Rebecca Colwell (04:46) Absolutely. It seems like there are two factors here. There are a set of factors within a brand's control that can help improve accuracy or not, and then a set outside. So maybe let's start with what they can control. So what should a brand be doing to ensure that they're just making silly errors because I've got inaccurate information out there?

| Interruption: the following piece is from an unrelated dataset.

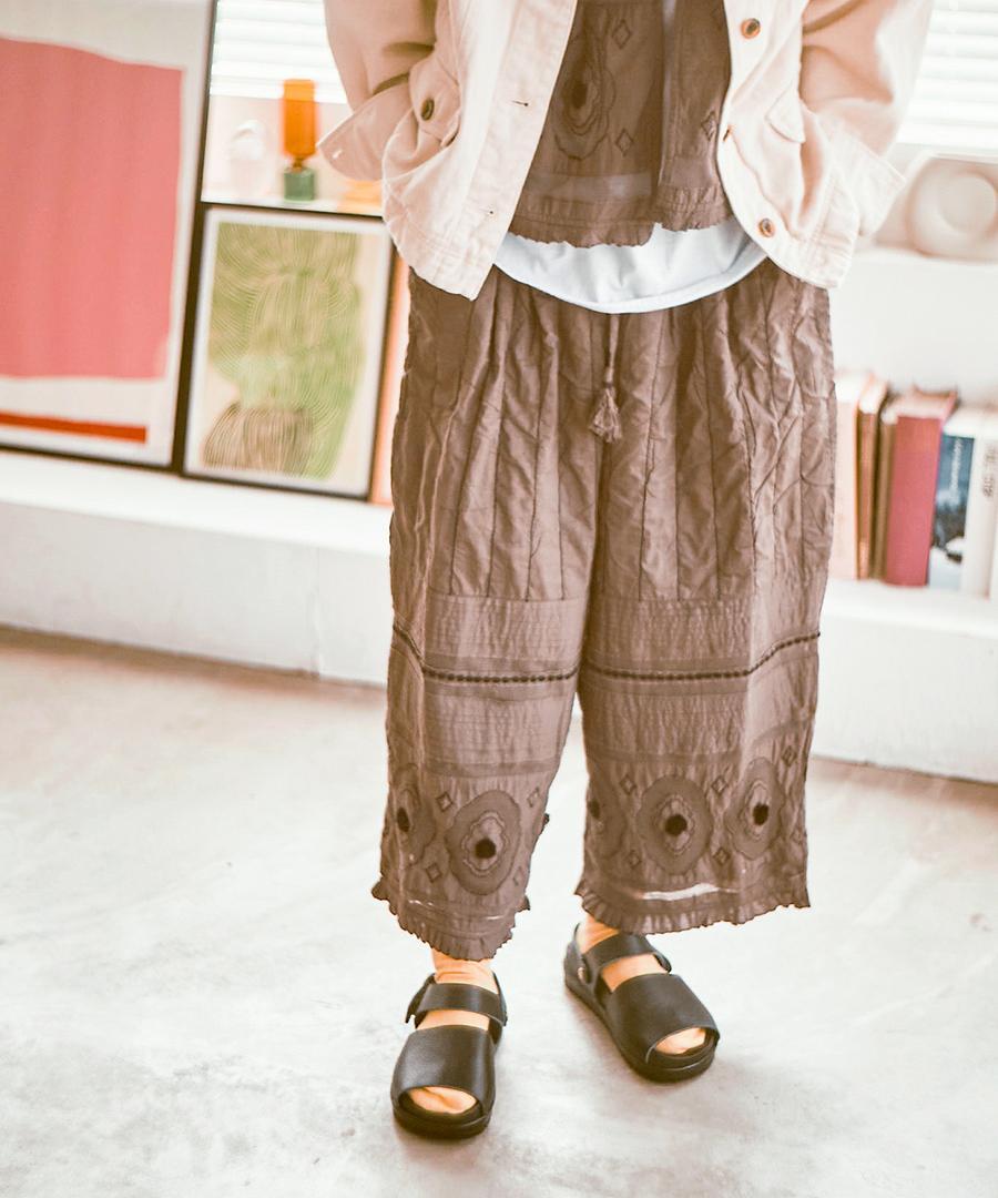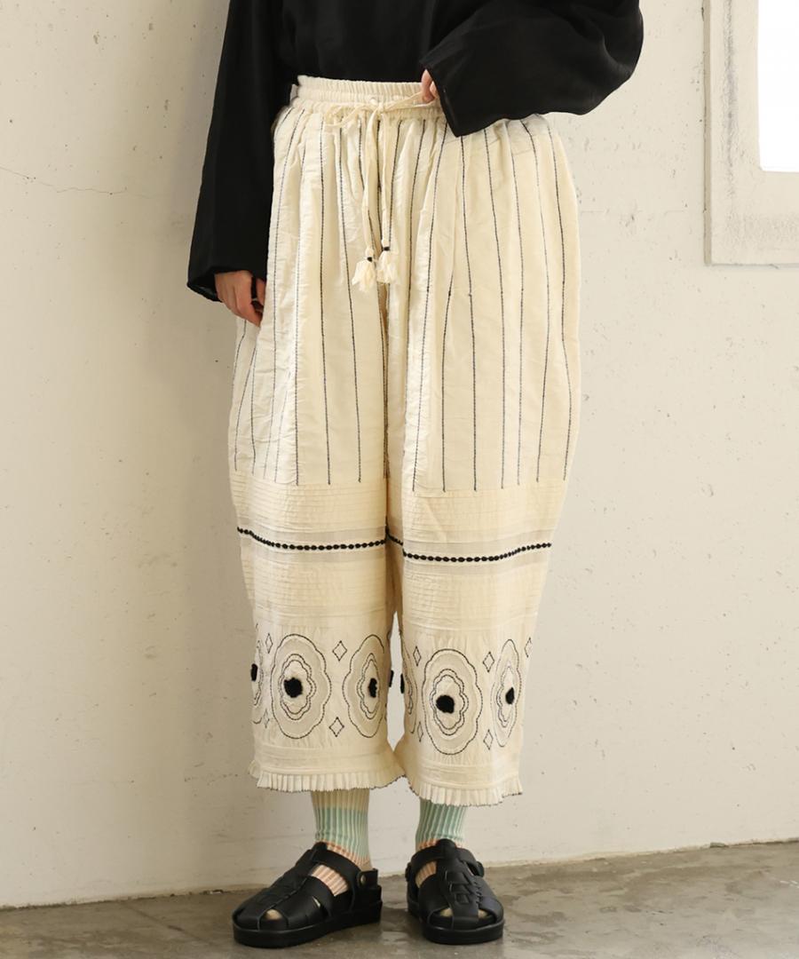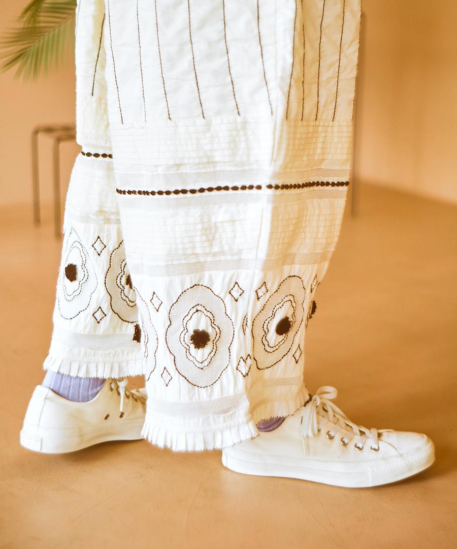 表情豊かな刺繍に魅せられる、大人のリラックスパンツ。

Christian J Ward, Yext (05:12) Yeah, I mean, look, so a lot of our research and actually I'm very excited. We're going to update the research study we did back in September where we studied about 7 million citations. We're going to be studying about 70 million citations. So in January, we'll be able to see, has it changed, did it change by model? But in those original findings, what we found is the vast majority of the information cited by AI from the consumer perspective. So if I'm a consumer and I say, you know, does this restaurant have this on the menu or is this available near me? Those types of things that are controlled by the website of the brand. That's a huge portion by third party platforms. So that could be Google business profile or MapQuest or anything. Yahoo. It doesn't matter what it is. It's these third party platforms that are phenomenal providers of structured data to the AI. And then there's other areas where they can control a little less, but they can still engage. So reviews and social. But what you find is this is going to be almost a race whereby brands have to understand the more knowledge they're willing to share directly with these AI systems through the crawlers and through putting it on their website, the better off they're going to be. And I don't want to say it sound like they haven't realized that in the past, but a lot of times websites are almost the minimal viable information. that is out there. And I know that sounds crazy, but think of all the offers and deals and events. Half that stuff never makes it to the website because it's hard to get the data to the IT team to push it out. And so it doesn't happen. The people that recognize that as much real-time information as they can provide about the brand and what they're doing to these systems, they're gonna win. I actually think ⁓ it's sort of a classic thing that I learned on sort of financial services. In all cases, Real-time synchronized data beats delayed data. So if you're trading a stock and you don't have real-time quotes, you probably should stop trading. You need real-time information and AI is gonna make that, this is an absolute necessity going forward. Think of most websites, they are static for days, weeks, months, years. Stop doing that. Start understanding that you need to update this stuff everywhere as fast as you can and the AI is very likely to reward that behavior.
Rebecca Colwell (07:33) Excellent. You know, you were talking about cleaning house and offers and things, and it just made me cringe to think how many things are out there that are outdated, like promos that have expired, events that are no longer happening that could also just be sending bad signals. And so it's not just keeping new, getting new information out there. It's taking down things that don't make sense anymore either.
Christian J Ward, Yext (07:53) That's such a great point because I think a lot of times what we end up with, whether we want to or not, is there's sort of this expansion of who controls what data. So you might have like the finance team is controlling different variations on offers and pricing. And then you have the real estate team that has all the data regarding new offices or new locations and closing locations. And then you have the employment or the recruiting team controlling job postings in all these areas. This is a fallacy. We have to start looking at this saying, if I don't get everyone on the same page in a compliant manner, controlling as many of these facts as possible, I'm going to be great in one area and then totally behind in another. And so this obviously is a large reason why we built the Knowledge Graph, but you need a federated understanding across the organization that if we want to dominate in AI, where dialogue is going to weave way longer and more entrenched than a search, You've got to make sure all those things are working together. And look, I think it's an opportunity. think for most brands, if they can focus on making sure the answers are readily available to any question, that's going to help them a lot. But this is a new exercise for many marketing departments who are, I remember, know, the term evergreen, evergreen is, I love the idea of evergreen. And I'm like, listen, other than your mission statement as a business, nothing's evergreen. You need to start realizing every consumer is deciding in real time, in their time, whether or not you're the right choice. And AI is going to make that a big, big hit in 26.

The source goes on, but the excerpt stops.